Protein folding 03: Beta sheets

These are my notes from week 3 of MIT course 7.88j: Protein Folding and Human Disease, held by Dr. Jonathan King on February 19, 2015.

Assignment 2

The reading for this week was [O’Shea 1989] as well as chapters 4-5 of Branden & Tooze.

Alpha/beta structures

α/β structures are common to many small molecule-binding enzymes, including all of “glycolytic” enzymes (which bind and break down glucose in glycolysis).
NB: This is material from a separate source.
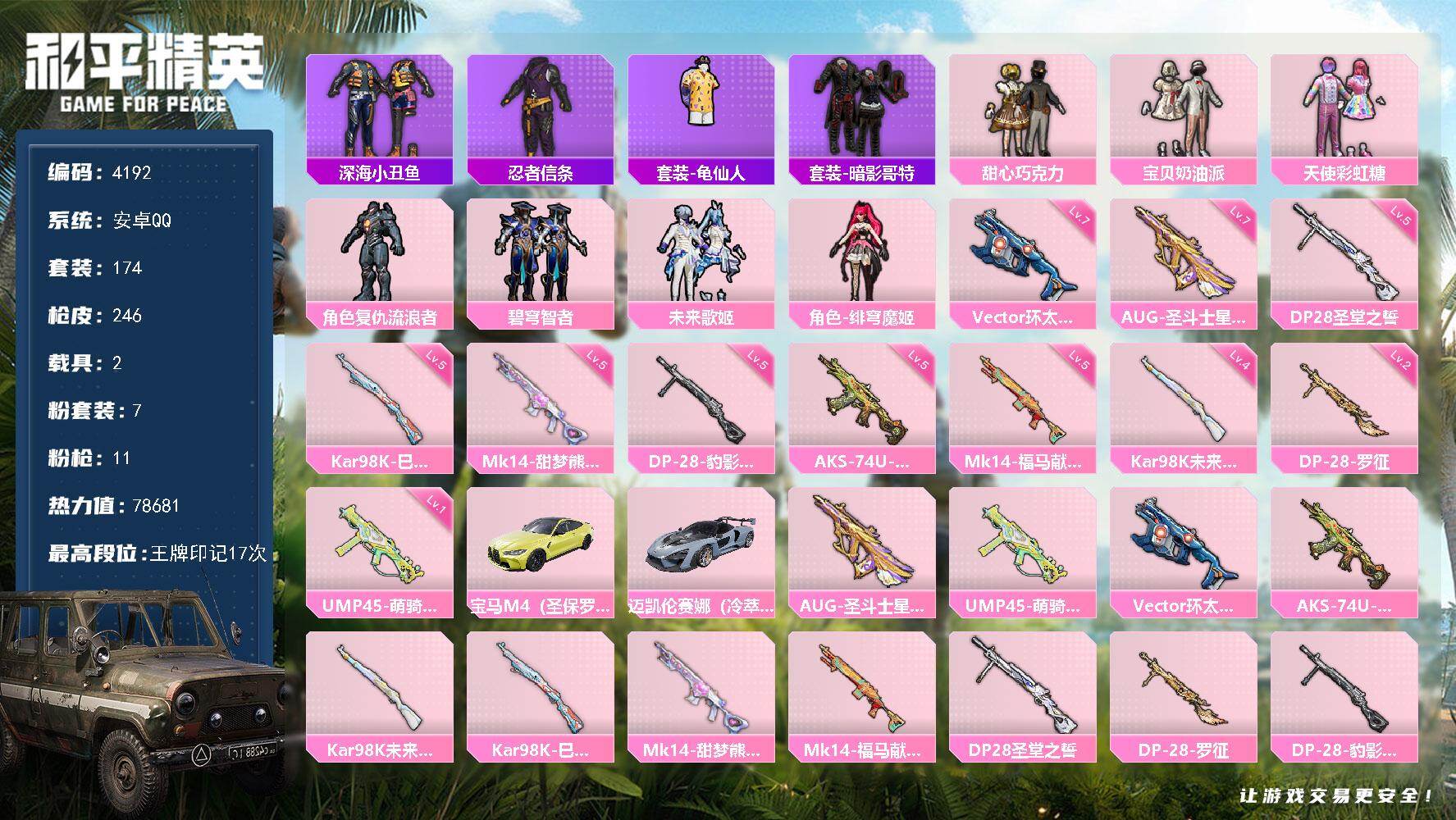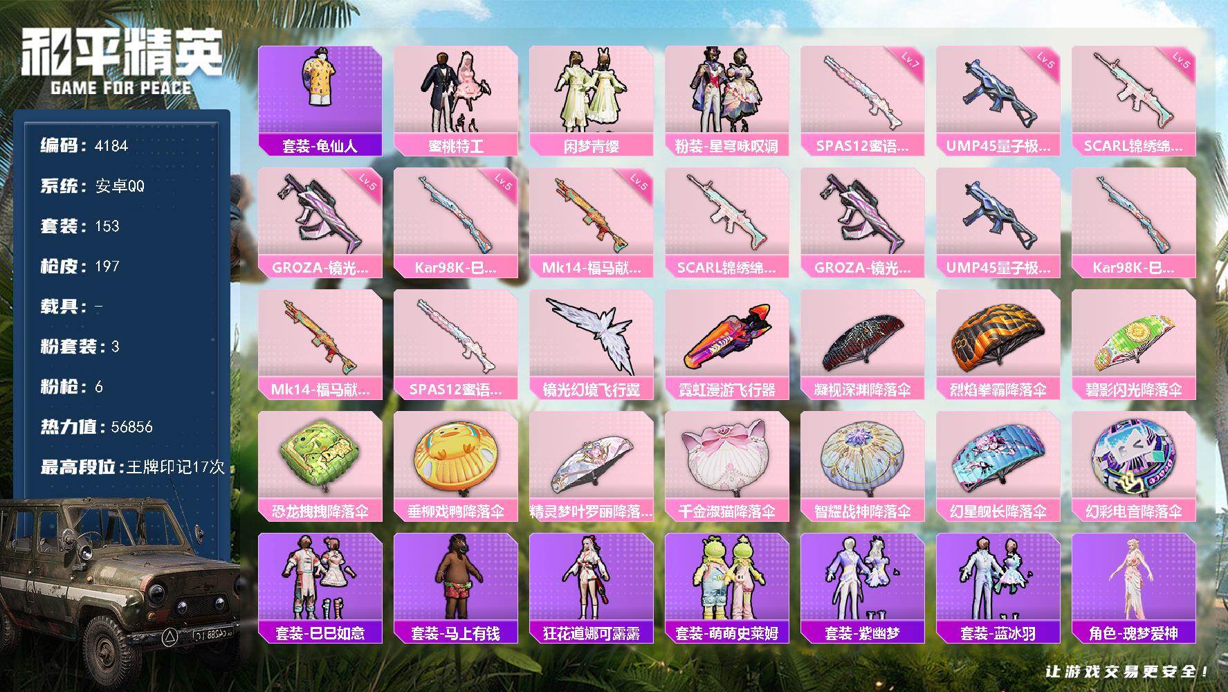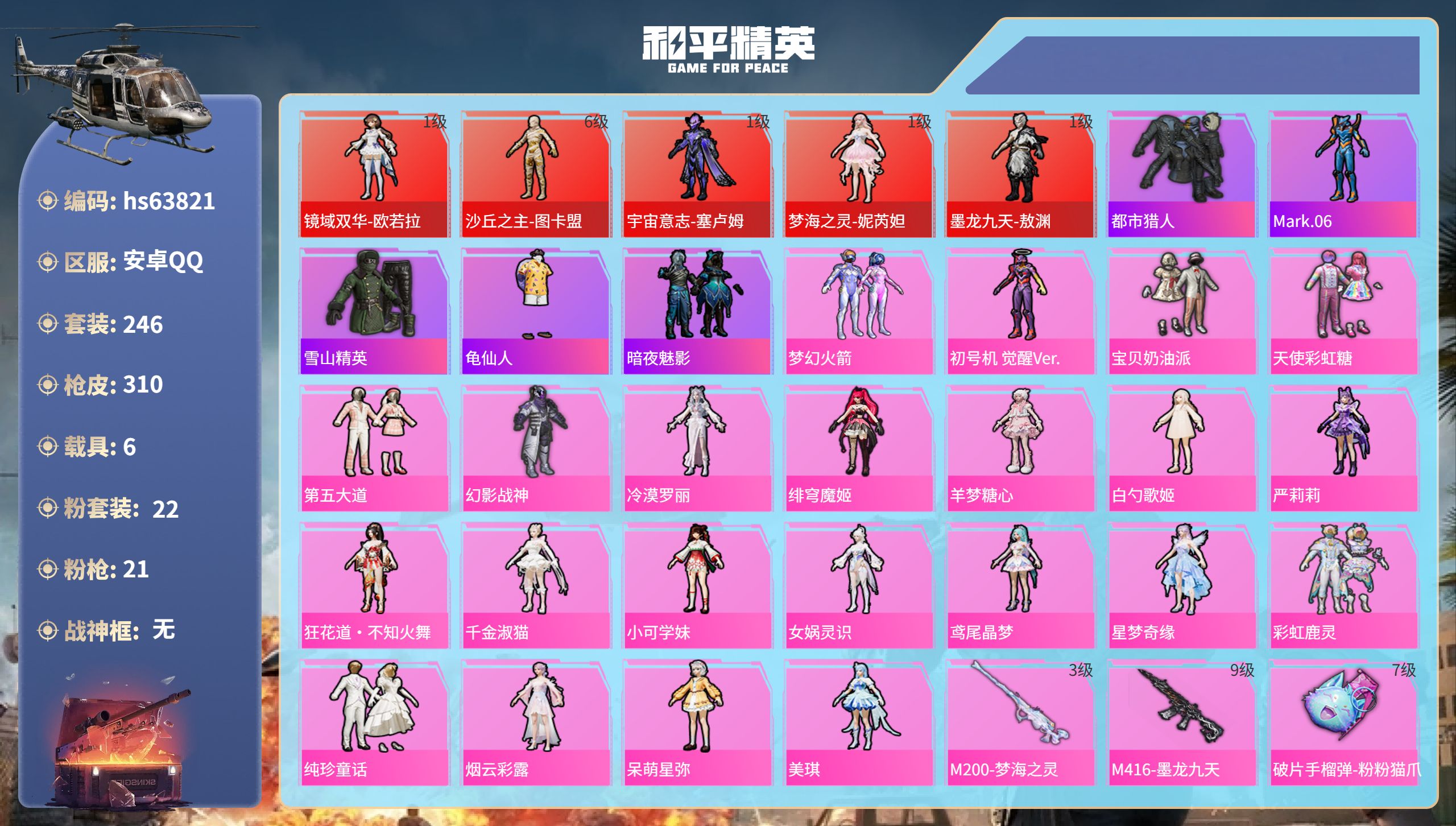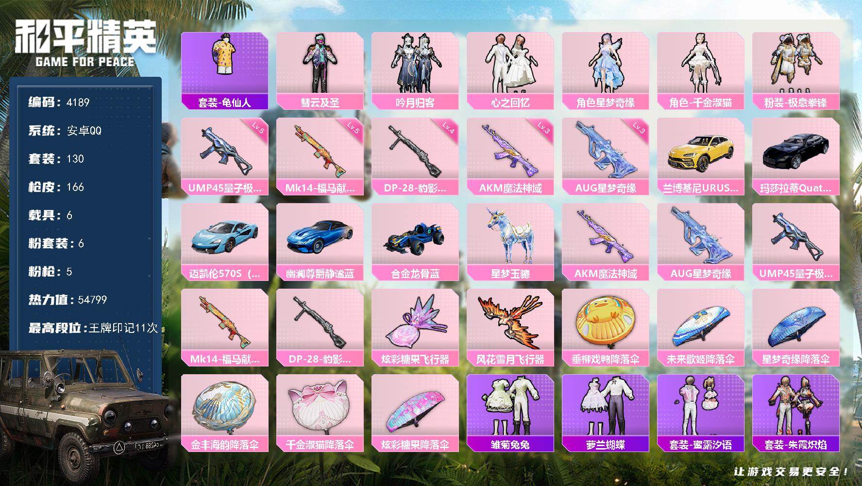 6粉装-5特效枪-6载具-2粉色飞行器-54799热力值-11王牌印记-130套装-166枪皮

In such a structure, there is a core β-barrel consisting of several beta sheets, either all parallel or mixed parallel/antiparallel, surrounded by a cage of alpha helices. In linear sequence, the alpha helices and beta sheets alternate. Thus, you can think of the structure as being made up of repeating αβα motifs. It is actually the loops at one end of the barrel that form the active site for binding the small molecule.
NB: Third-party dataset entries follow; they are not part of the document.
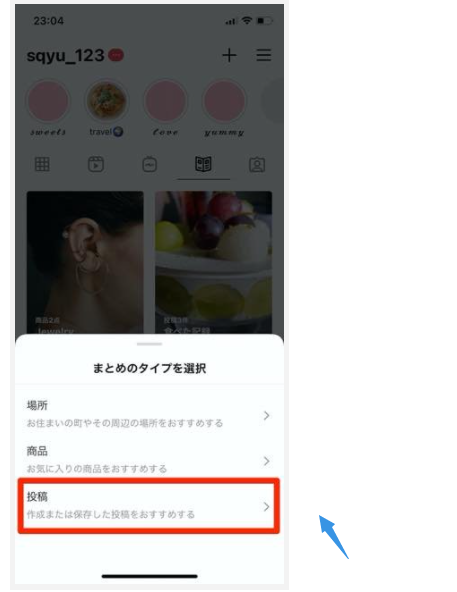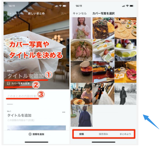 自分の投稿や、コレクションに保存してある投稿を「まとめ」に選んで作成する手順を解説します。
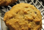 Овсяное печенье с душистым перцем, яблочным соусом, изюмом и рубленым пеканом.
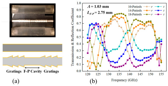 Phase-shifted waveguide Bragg grating. (a) Schematic and photo of a two-wire waveguide-based phase-shifted WBG. (b) Numerical transmission and reflection spectra of a phase-shifted WBG as a function of the number of periods, Λ = 1.03 mm and LF-P = 2.75 mm.
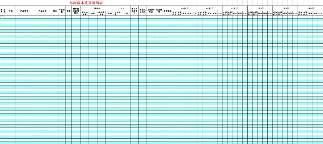 通用成本核算表:
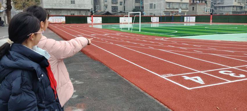 “姐姐,你看学校的新运动场。”
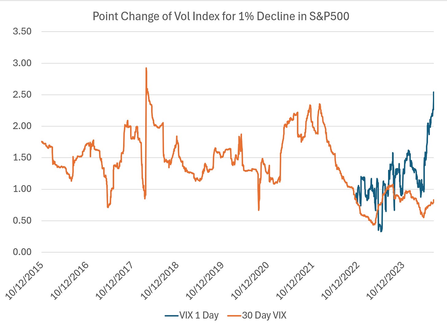 And so today, when I’m asked, “Doesn’t this look like 2017?” the answer has to be a touch of “No… but…” because we ARE starting to see an increase in responsiveness of the 1-day VIX. Whether the traditional VIX follows remains to be seen, but the odds are growing:
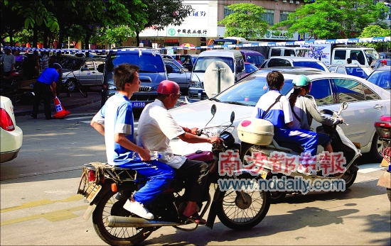佛山荣山中学,中考结束后,考生们坐上父母的摩托车回家。本报记者 郭继江 摄

Current phylogenetic evidence suggests that the 15 or so distinct proteins known to have alpha/beta structures arose by convergent evolution. However, interestingly, in parallel beta barrels, the active site is always at the end that has the C terminus of each beta strand, and there is no obvious reason why this should need to be the case. There is one theory out there about charge having something to do with it.
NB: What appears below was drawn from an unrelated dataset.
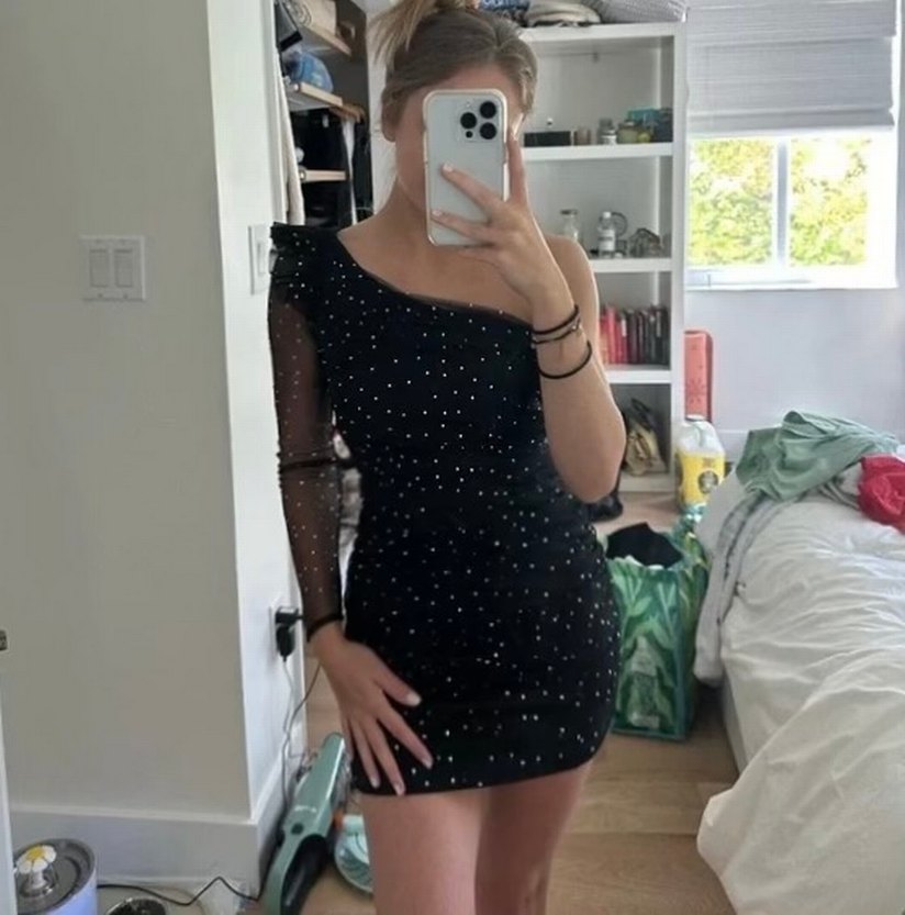 Zara Viral Taşlı Siyah Tek Omuz Elbise
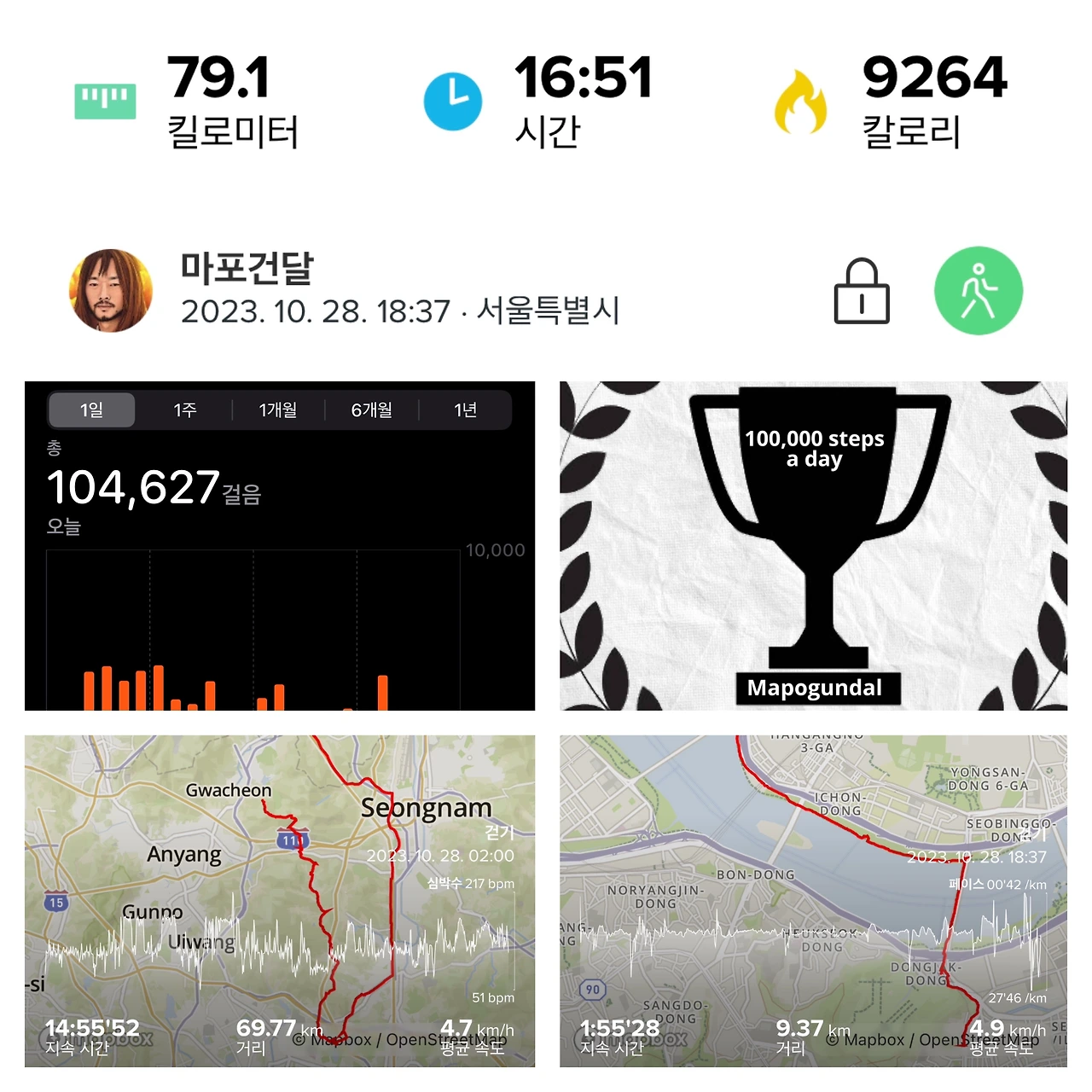 마포 > 양재 > 분당 > 광교 > 수원 > 고기리 > 청계산 > 과천 > 사당 > 마포로 이어지는 총 거리 79.1km, 104,627 걸음

From leucine zipper to coiled coil

By the late 1980s, the “coiled coil” introduced last time was already understood to be the structure of fibrous proteins like tropomyosin and keratin. Landschulz et al studied the DNA-binding protein GCN4 and proposed that its structure was a “leucine zipper” in which the leucines, which repeated every 7 residues, interlocked [Landschulz 1988]. O’Shea et al responded with evidence that GCN4 is in fact also a coiled coil, a structure which shares some structural features with the proposed leucine zipper but does not have leucine interdigitation [O’Shea 1989].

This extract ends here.